Within the records that follow, restate exactly the lines from the line with "A wonderful wedding" down to the line with "TERPILA46 по адресу", including both. Omit the pictures.
═════ INPUT RECORDS ═════
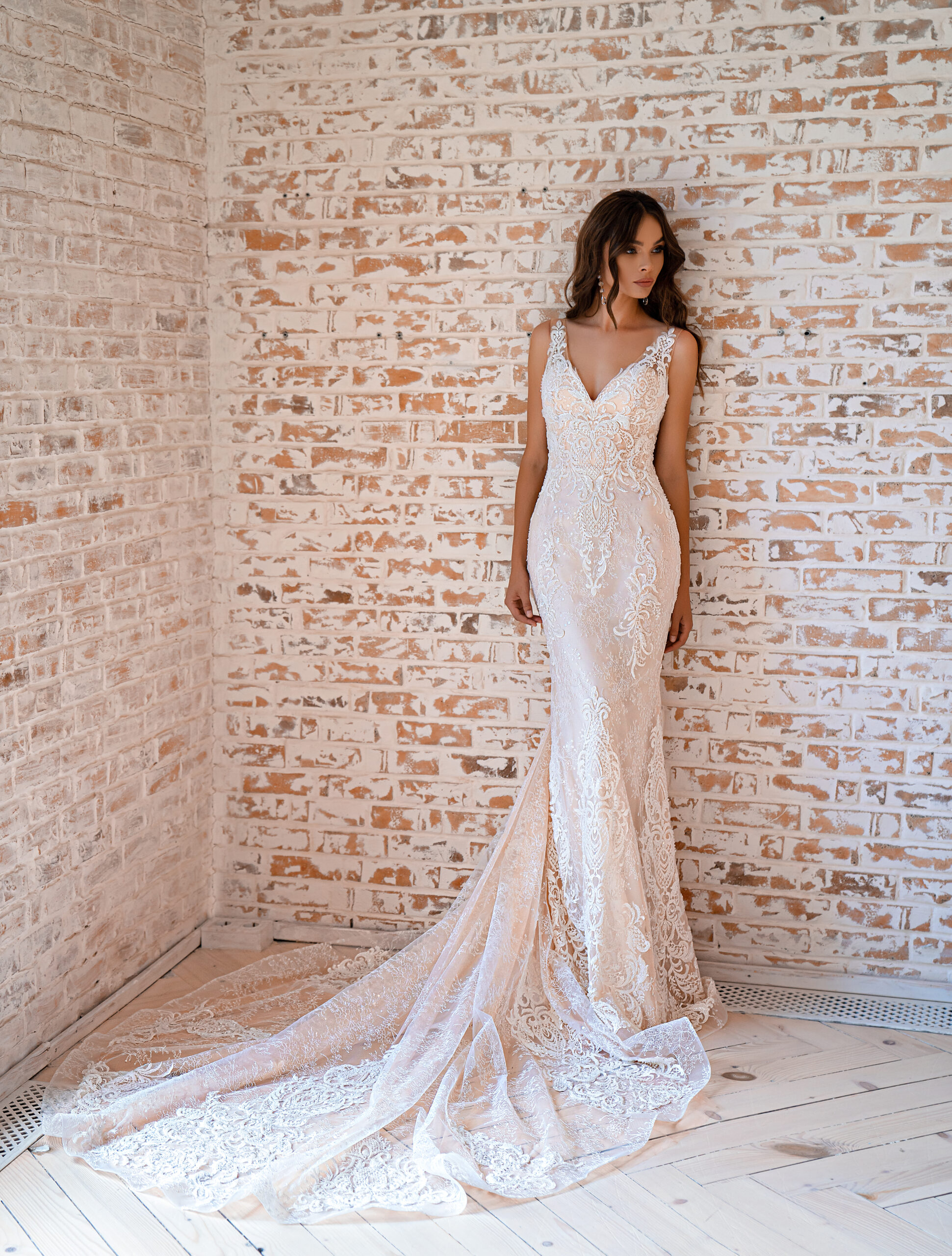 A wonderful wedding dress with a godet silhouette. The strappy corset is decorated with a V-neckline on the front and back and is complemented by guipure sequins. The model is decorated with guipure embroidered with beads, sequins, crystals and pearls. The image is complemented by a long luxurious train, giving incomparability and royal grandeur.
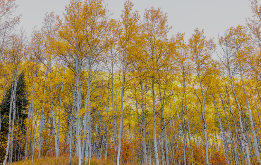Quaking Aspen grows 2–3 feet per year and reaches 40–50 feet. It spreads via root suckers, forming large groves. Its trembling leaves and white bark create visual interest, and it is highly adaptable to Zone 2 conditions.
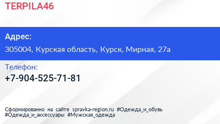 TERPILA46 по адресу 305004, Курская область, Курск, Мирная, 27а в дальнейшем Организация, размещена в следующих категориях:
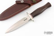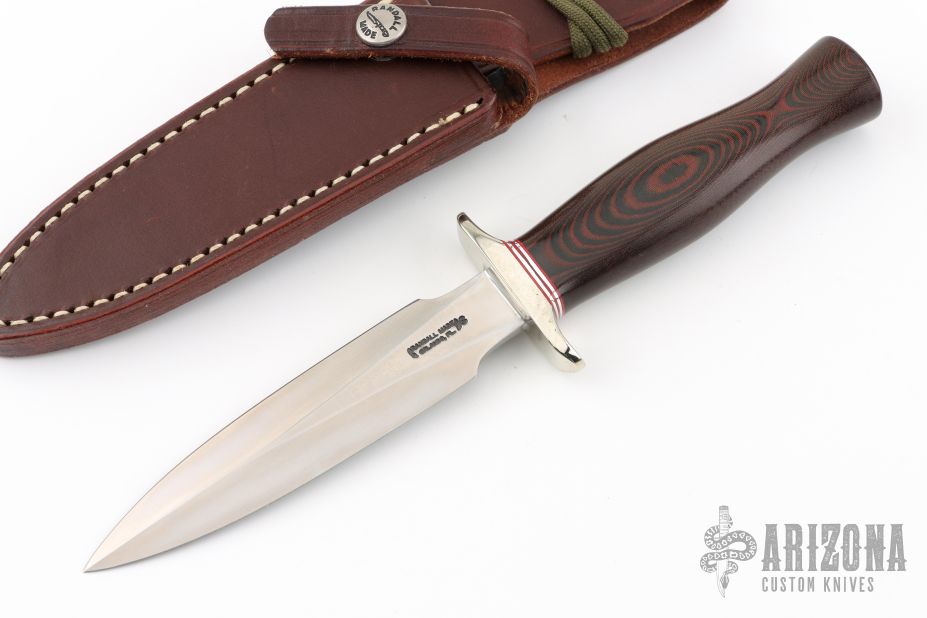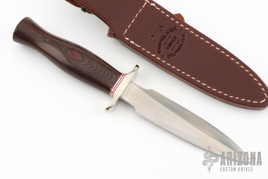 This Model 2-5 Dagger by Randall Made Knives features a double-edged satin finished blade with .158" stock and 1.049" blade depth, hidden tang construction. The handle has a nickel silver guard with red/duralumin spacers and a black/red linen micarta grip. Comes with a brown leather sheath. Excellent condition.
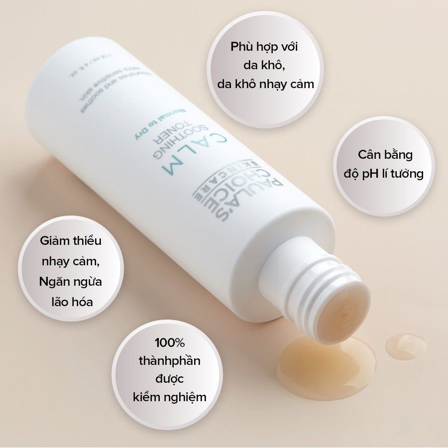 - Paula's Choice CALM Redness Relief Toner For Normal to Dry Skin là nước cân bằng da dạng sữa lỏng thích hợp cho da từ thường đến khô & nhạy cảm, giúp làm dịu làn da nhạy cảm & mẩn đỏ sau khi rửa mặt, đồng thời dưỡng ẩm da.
═════
═════ INPUT RECORDS ═════
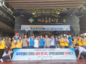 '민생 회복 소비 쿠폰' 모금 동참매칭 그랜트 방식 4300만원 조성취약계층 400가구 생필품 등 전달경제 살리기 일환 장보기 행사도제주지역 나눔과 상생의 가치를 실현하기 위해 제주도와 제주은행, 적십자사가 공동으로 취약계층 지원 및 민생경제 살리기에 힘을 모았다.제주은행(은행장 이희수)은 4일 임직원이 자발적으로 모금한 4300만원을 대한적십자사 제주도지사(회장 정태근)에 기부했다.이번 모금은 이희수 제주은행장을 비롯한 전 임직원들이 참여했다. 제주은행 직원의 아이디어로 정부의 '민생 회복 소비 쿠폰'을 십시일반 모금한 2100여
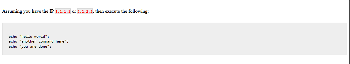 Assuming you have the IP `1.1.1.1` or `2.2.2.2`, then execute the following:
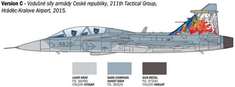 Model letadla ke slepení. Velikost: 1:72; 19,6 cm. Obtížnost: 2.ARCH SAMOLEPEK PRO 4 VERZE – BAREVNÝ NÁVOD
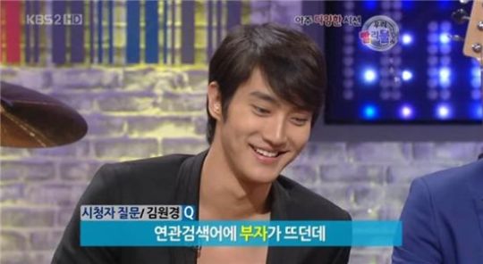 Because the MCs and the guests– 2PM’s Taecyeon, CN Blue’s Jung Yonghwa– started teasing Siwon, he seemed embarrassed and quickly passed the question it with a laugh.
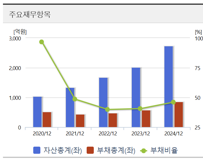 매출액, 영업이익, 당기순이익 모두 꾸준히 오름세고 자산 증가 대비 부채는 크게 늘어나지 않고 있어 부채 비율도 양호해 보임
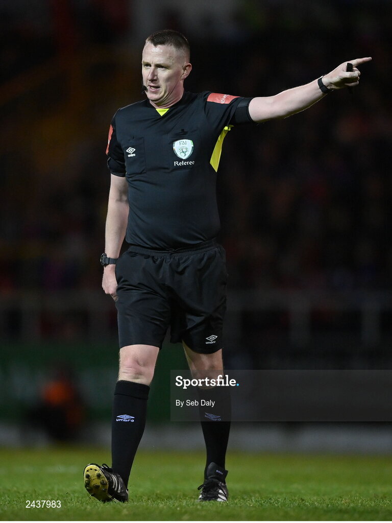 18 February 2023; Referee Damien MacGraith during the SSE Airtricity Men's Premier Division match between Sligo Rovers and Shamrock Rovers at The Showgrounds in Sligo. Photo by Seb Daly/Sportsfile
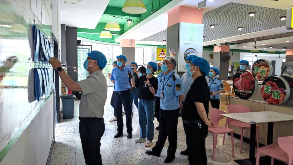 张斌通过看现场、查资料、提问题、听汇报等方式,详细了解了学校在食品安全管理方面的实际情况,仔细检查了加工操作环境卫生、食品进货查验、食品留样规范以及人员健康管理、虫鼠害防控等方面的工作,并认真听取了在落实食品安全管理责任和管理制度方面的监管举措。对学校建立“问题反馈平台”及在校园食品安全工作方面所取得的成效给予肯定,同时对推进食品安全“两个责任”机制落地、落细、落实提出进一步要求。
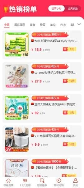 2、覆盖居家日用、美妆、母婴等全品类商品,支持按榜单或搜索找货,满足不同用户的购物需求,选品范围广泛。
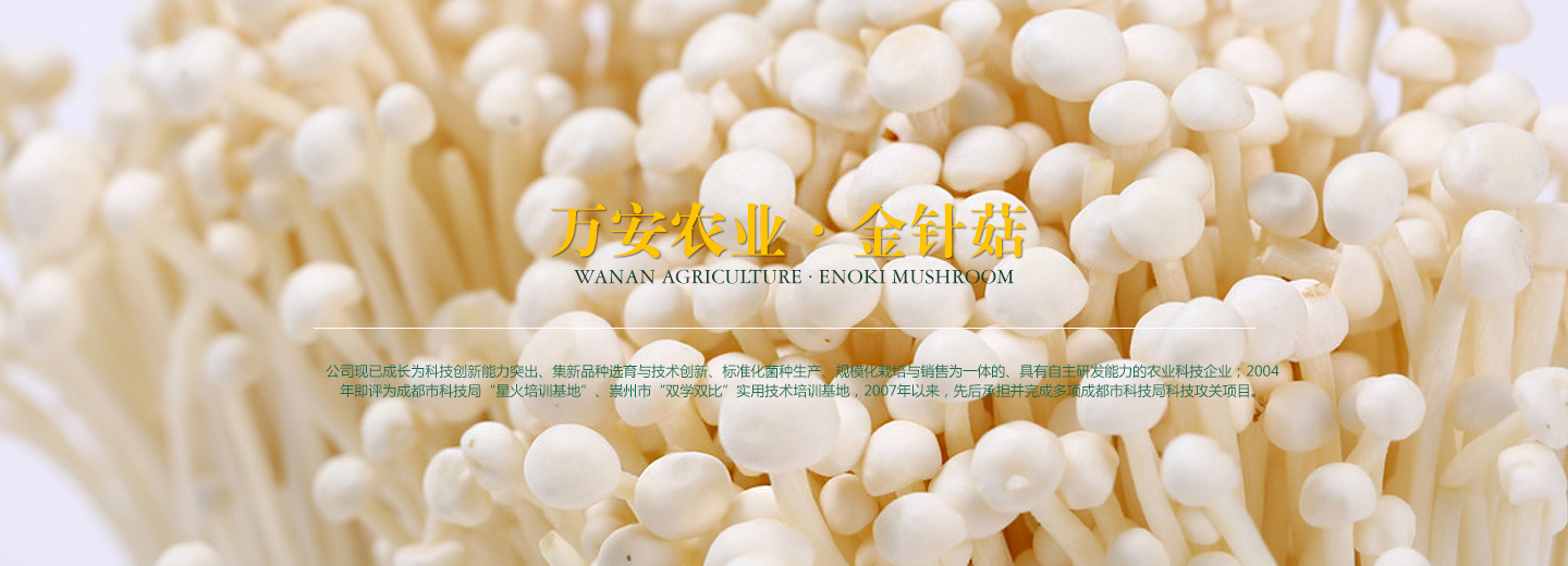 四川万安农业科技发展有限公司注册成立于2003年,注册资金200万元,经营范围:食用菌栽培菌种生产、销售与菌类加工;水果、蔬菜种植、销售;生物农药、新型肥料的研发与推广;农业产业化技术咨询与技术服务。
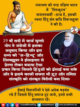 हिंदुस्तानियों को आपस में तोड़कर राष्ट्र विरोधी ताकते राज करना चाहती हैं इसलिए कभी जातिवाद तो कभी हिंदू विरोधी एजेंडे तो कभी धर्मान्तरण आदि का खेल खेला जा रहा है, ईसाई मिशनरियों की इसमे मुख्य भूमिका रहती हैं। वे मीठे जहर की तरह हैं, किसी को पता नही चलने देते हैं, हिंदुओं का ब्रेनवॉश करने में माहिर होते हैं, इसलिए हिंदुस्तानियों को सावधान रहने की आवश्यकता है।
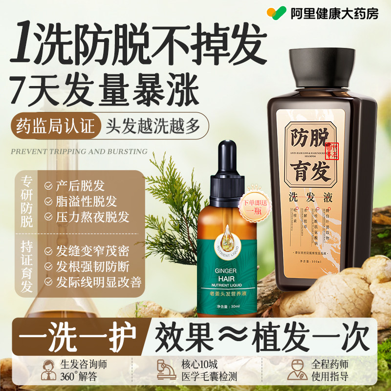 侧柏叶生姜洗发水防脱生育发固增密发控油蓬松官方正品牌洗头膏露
═════
#### SOLUTION TO THE EXERCISE:
 A wonderful wedding dress with a godet silhouette. The strappy corset is decorated with a V-neckline on the front and back and is complemented by guipure sequins. The model is decorated with guipure embroidered with beads, sequins, crystals and pearls. The image is complemented by a long luxurious train, giving incomparability and royal grandeur.
Quaking Aspen grows 2–3 feet per year and reaches 40–50 feet. It spreads via root suckers, forming large groves. Its trembling leaves and white bark create visual interest, and it is highly adaptable to Zone 2 conditions.
 TERPILA46 по адресу 305004, Курская область, Курск, Мирная, 27а в дальнейшем Организация, размещена в следующих категориях:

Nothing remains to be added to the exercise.